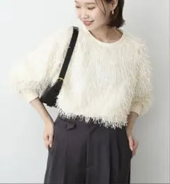 スローブイエナ habiミックスビジューニット ビジュー クロップド丈 グレー
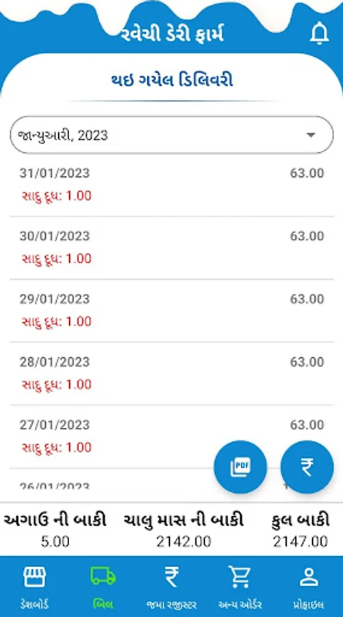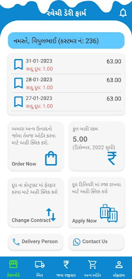 Ravechi Dairy Farm - Customer Application is design for our registered customers by which they can manage their daily milk subscription, view delivery history, view/download Monthly Subscription Bill and Credit receipts by their own. Customer can also order for other dairy products available with us and get door step delivery and make a quick payment for their monthly bill. this app is used for hassle free regular delivery with all delivery and payment records at fingertips.
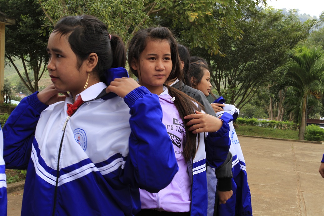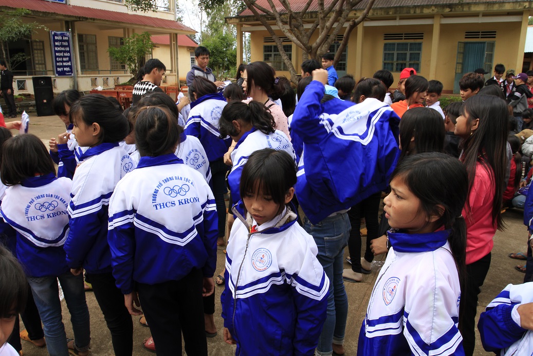 Các cháu học sinh trường dân tộc bán trú – THCS Krong, trong trang phục mới
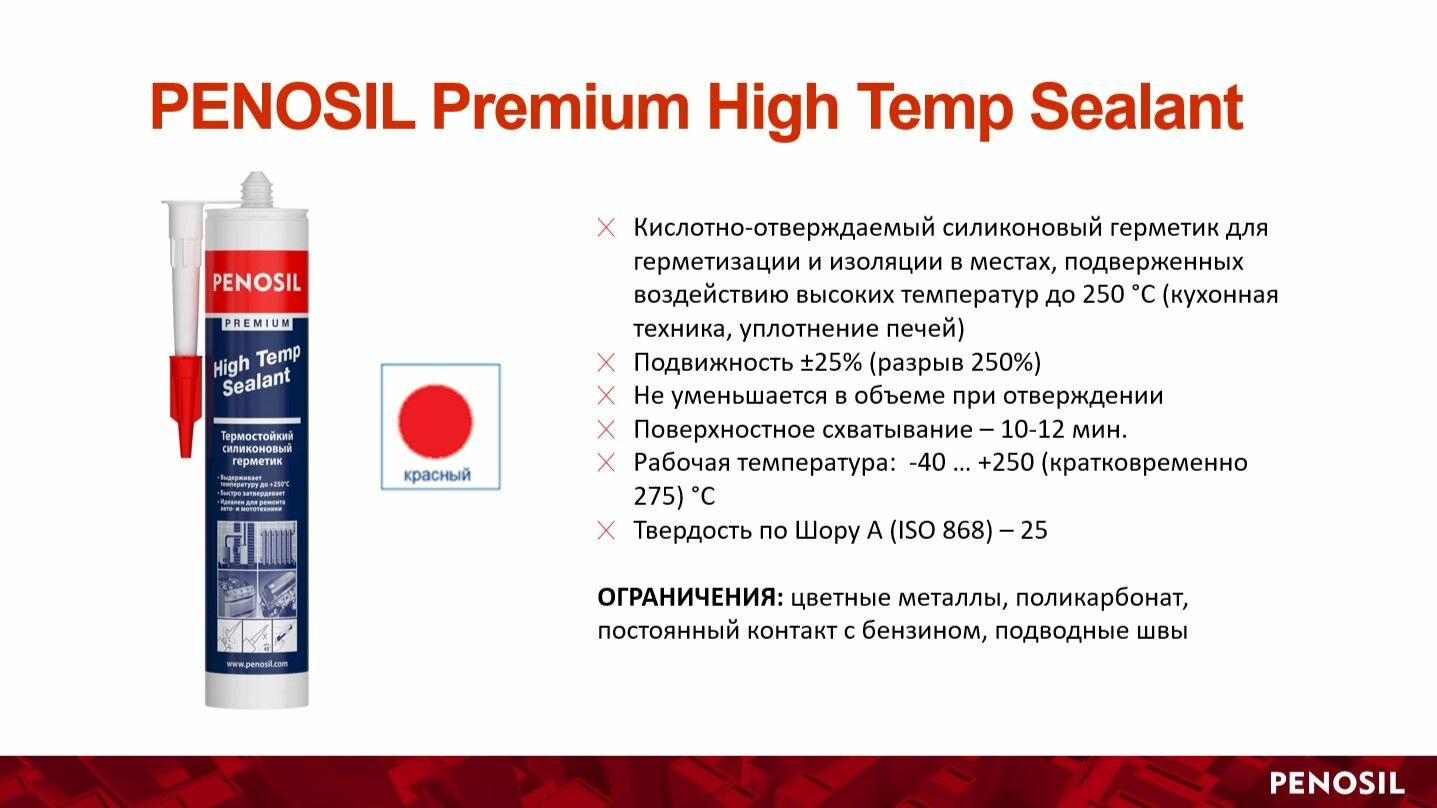 Герметик Penosil Sealant силиконовый высокотемпературный красный, 280ml H4189 интересное:
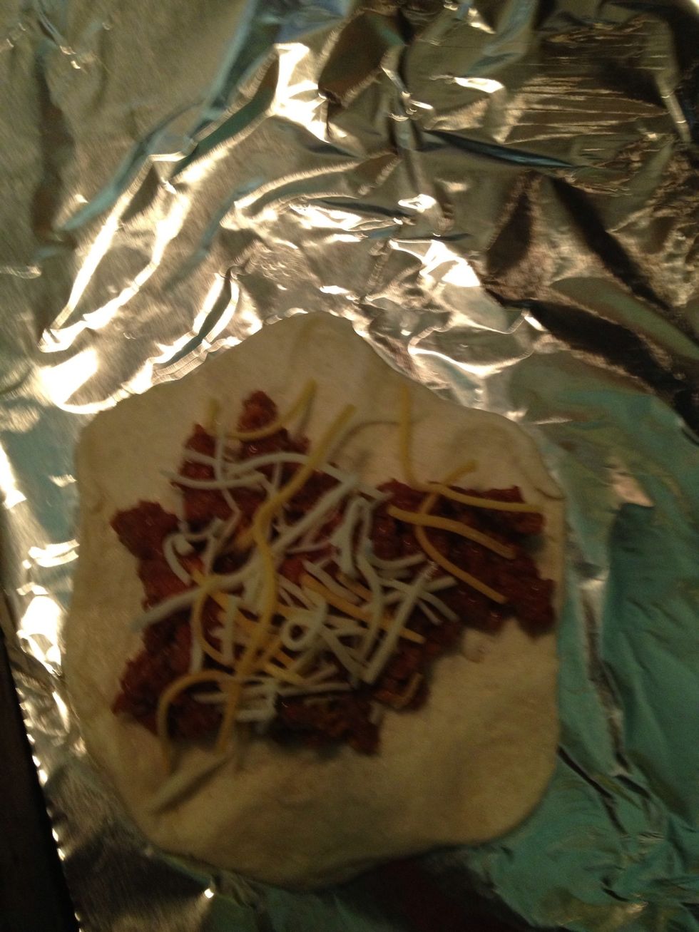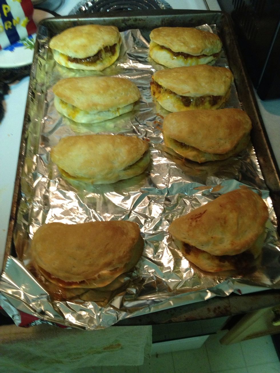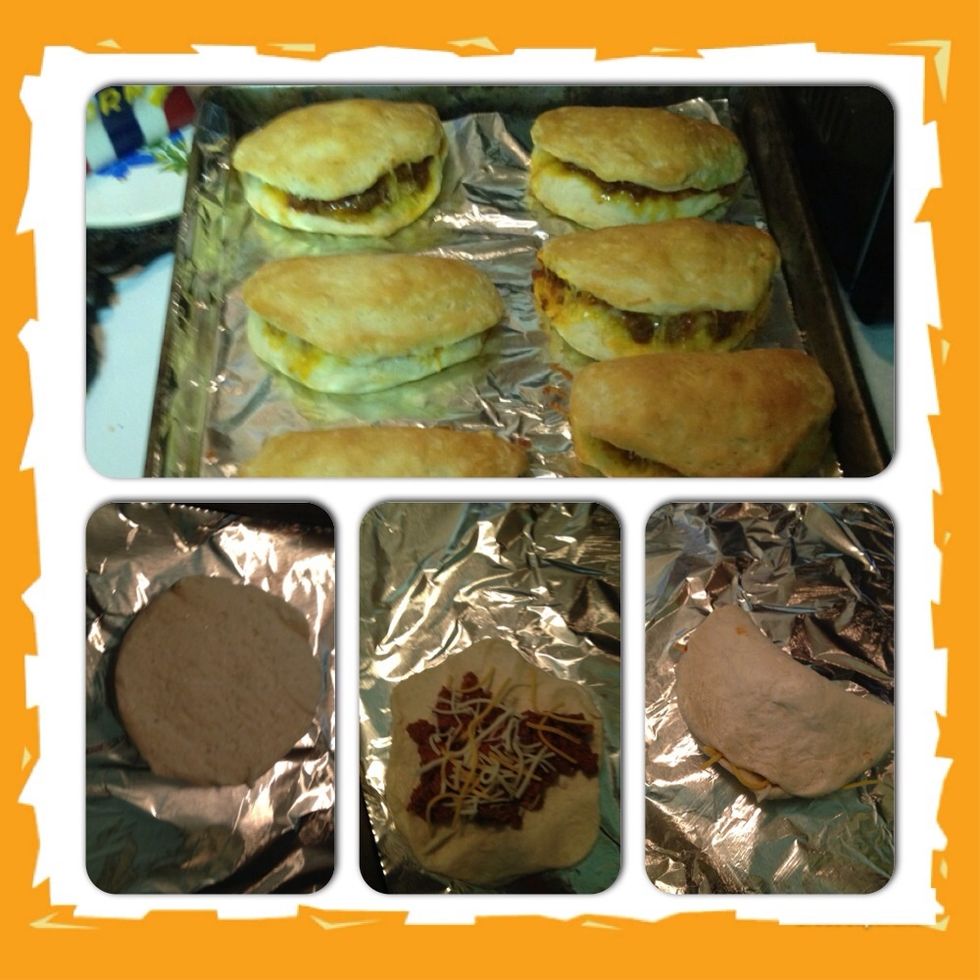 Scoop about 1 tbsp of meat onto biscuit and sprinkle some cheese.
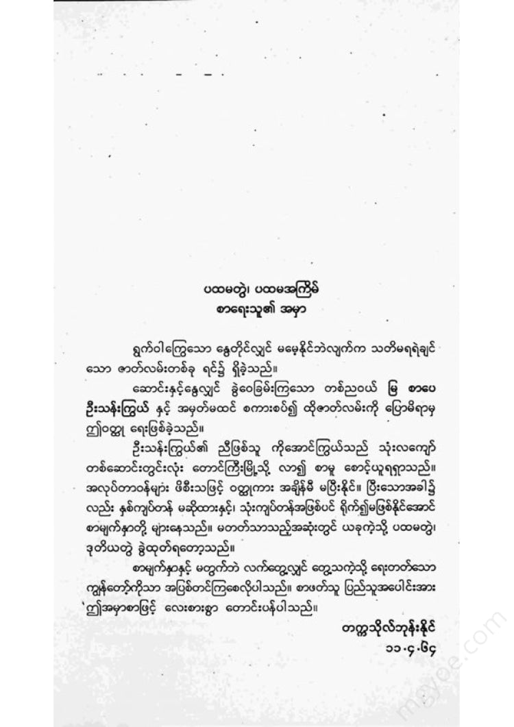 :: ဤစာအုပ်ကို စာမြည်းဖတ်လိုပါက “စာမြည်းရန်အီးဘွခ်” ဆိုသည်ကိုရွေး၍ (Buy it now) ခလုတ် ကိုနှိပ်ကာ၀ယ်ယူပေးပါ၊ အခမဲ့ အမှာစာ (Order) တင်ပြီးသည့်နောက်တွင် ၄င်းအီးဘွခ်ပီဒီအက်ဖ်ဖိုင် ဒေါင်းလုပ်ဆွဲရန်လင့်ကို စာဖတ်သူ၏ အီးမေလ်ထဲသို့ ပို့လိုက်မည်ဖြစ်ပါသည်၊
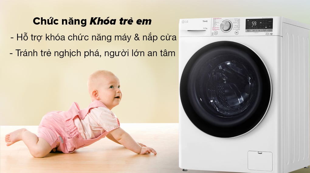 – Khóa trẻ em: hỗ trợ người lớn khóa các chức năng trên máy và nắp cửa của máy giặt để tránh trẻ nhỏ nghịch phá khi không có người lớn ở nhà, đồng thời đảm bảo cho máy giặt được vận hành ổn định cũng như không làm ảnh hưởng đến thời gian giặt giũ.
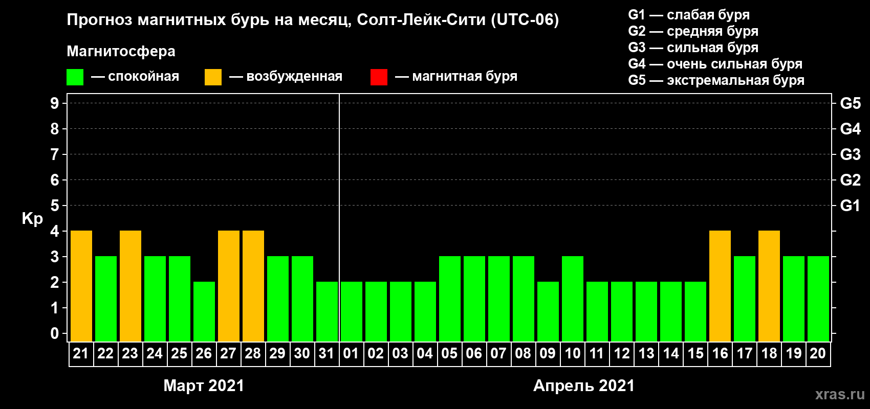 Прогноз магнитных бурь Солт-Лейк-Сити на 21 марта 2021 года
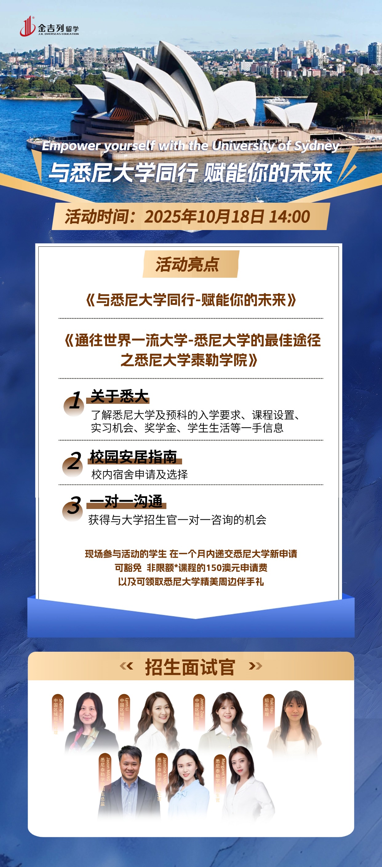 金吉列留学北京分公司重磅推出【Empower yourself with the University of Sydney与悉尼大学同行,赋能你的未来-北京站】活动!欢迎各位同学们积极报名!
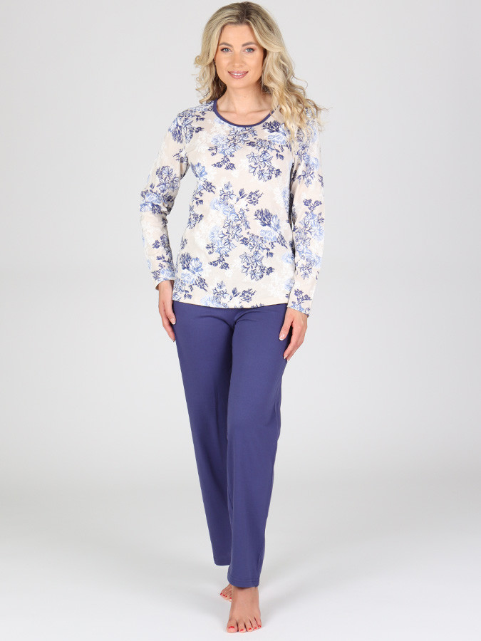 Komplet dámský s viskózou s ozdobami a elastickými kalhotami béžový UNI

__________________________________________________

• DIRECTIONS FOR THIS TASK: Only one thing is required here: an exact copy of the lines from the one bearing "Герметик Penosil Sealant" through the final line above, both included, with pictures left out.

• EXERCISE ANSWER:
 Герметик Penosil Sealant силиконовый высокотемпературный красный, 280ml H4189 интересное:
 Scoop about 1 tbsp of meat onto biscuit and sprinkle some cheese.
 :: ဤစာအုပ်ကို စာမြည်းဖတ်လိုပါက “စာမြည်းရန်အီးဘွခ်” ဆိုသည်ကိုရွေး၍ (Buy it now) ခလုတ် ကိုနှိပ်ကာ၀ယ်ယူပေးပါ၊ အခမဲ့ အမှာစာ (Order) တင်ပြီးသည့်နောက်တွင် ၄င်းအီးဘွခ်ပီဒီအက်ဖ်ဖိုင် ဒေါင်းလုပ်ဆွဲရန်လင့်ကို စာဖတ်သူ၏ အီးမေလ်ထဲသို့ ပို့လိုက်မည်ဖြစ်ပါသည်၊
 – Khóa trẻ em: hỗ trợ người lớn khóa các chức năng trên máy và nắp cửa của máy giặt để tránh trẻ nhỏ nghịch phá khi không có người lớn ở nhà, đồng thời đảm bảo cho máy giặt được vận hành ổn định cũng như không làm ảnh hưởng đến thời gian giặt giũ.
 Прогноз магнитных бурь Солт-Лейк-Сити на 21 марта 2021 года
 金吉列留学北京分公司重磅推出【Empower yourself with the University of Sydney与悉尼大学同行,赋能你的未来-北京站】活动!欢迎各位同学们积极报名!
 Komplet dámský s viskózou s ozdobami a elastickými kalhotami béžový UNI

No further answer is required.